SCORM Cross Domain, SCO-Fetcher, or any other solution

If anyon开发者_运维百科e has any thoughts or information regarding this, it would be most appreciated.


I work for a content provider who has had to interface with a lot of different LMSs and cross-domain has always been a painful issue.

The document you linked to not-withstanding, SCORM doesn't really cater for cross-domain at all. My experiences with cross-domain has been against the AICC standard. In the past we've used a signed java applet to perform the cross-domain communications, but currently we are using a little hidden flash* SWF file which we talk to via javascript. This requires the LMS to have a crossdomain.xml file installed on their web server to allow the communication, which some of our customers balk at.

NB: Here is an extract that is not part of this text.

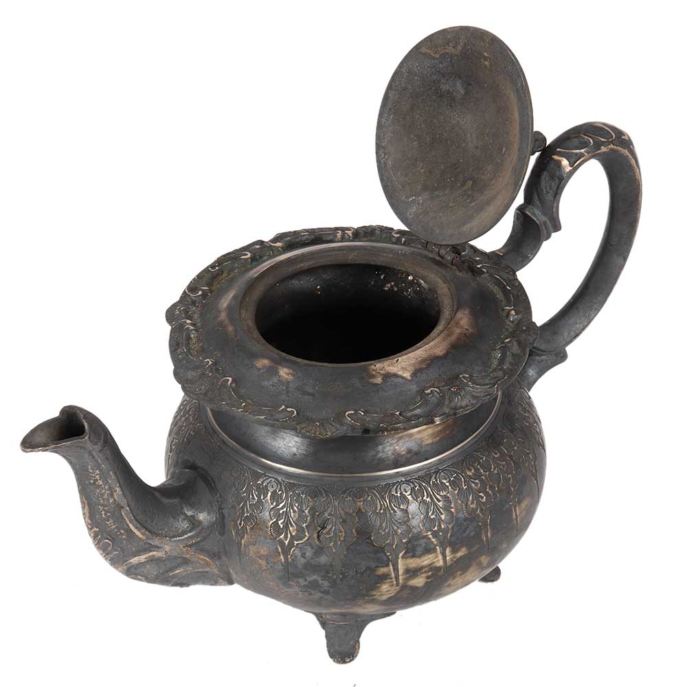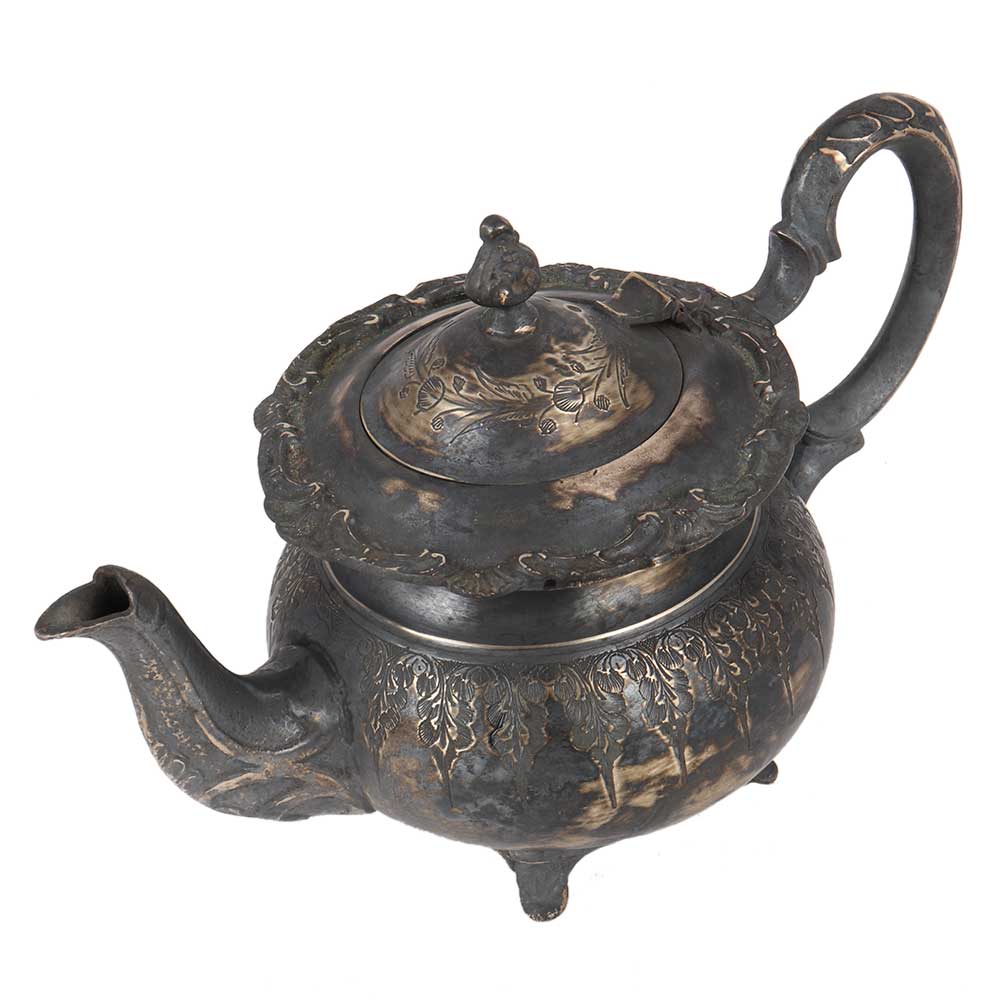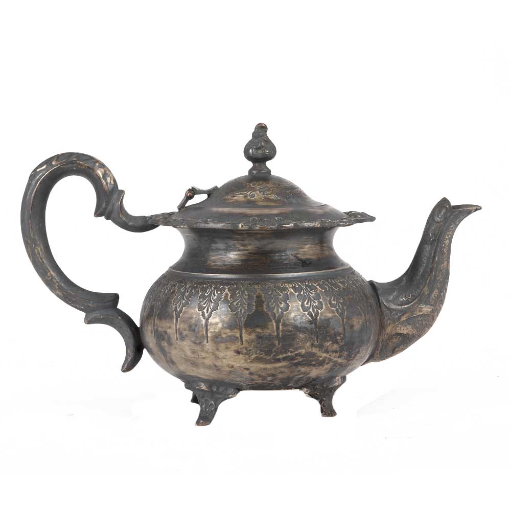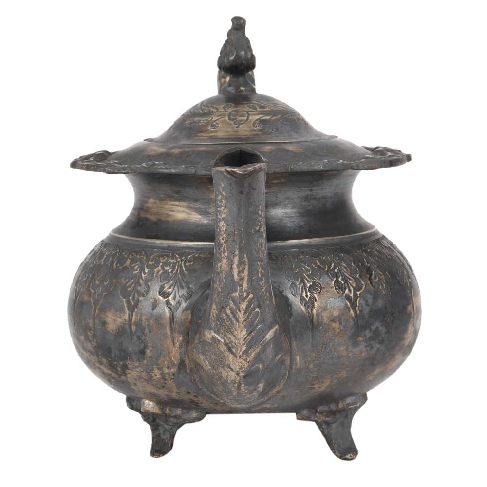The traditional ageless style of this oxidised silver brass teapot is elaborately etched with repousse floral and geometrical shapes. This one-of-a-kind item is created in the classic Moroccan style. This teapot can be used in a variety of settings.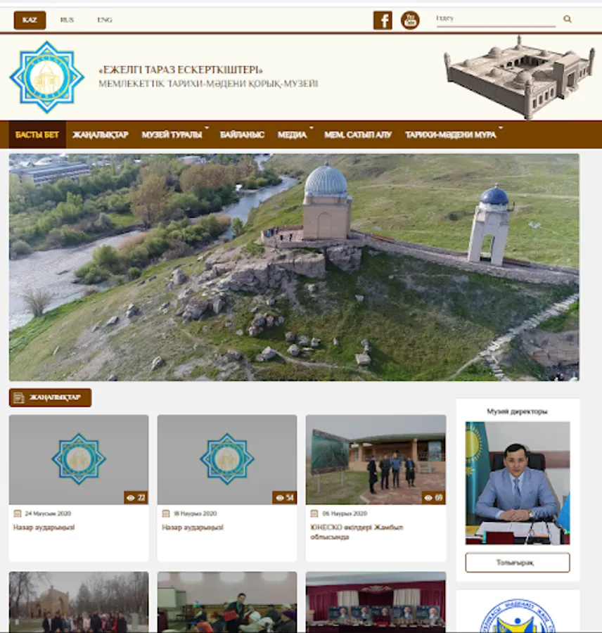 These monuments are documented in accordance with the Law of the Republic of Kazakhstan "On protection and use of historical and cultural heritage" and on the basis of relevant regulations. Their computer system was developed, included in the electronic database and installed on electronic plates. The institution is located in Taraz, Bekturganov Street, № 3 - in the building of an architectural monument built in 1900. (former officers' house, taken under state protection).

* Our product heavily uses flash already, so this was not an onerous requirement for us.

The solution that we are seriously considering now is a variation on the "Run-time service on Content Server" as suggested in section 4.8 of the cross-domain scripting document.

The content server would run the courseware itself, as if it were an LMS, and proxy all the API calls to the real LMS. The diagram below shows the communication paths:

SCORM Cross Domain, SCO-Fetcher, or any other solution

Also, your launch URL wouldn't be directly to the content (e.g., http://abc.com/content/sco.html) but to the software application on the content server (e.g., http://abc.com/access.php?content=sco.html&permissions=OAUTH_ID), which would then serve the content as if it was an LMS itself.


Also, just came across this article on cross-domain communication which, while not SCORM specific, might provide some alternative ideas for implementation.


I know this is an old question, but thought I'd share: I had a similar situation a few years ago and settled on an iframe hack to get around the cross-domain restrictions. All it requires is a bit of JavaScript and HTML. It works on older browsers, including IE6.

Chuck, what solution did you wind up using?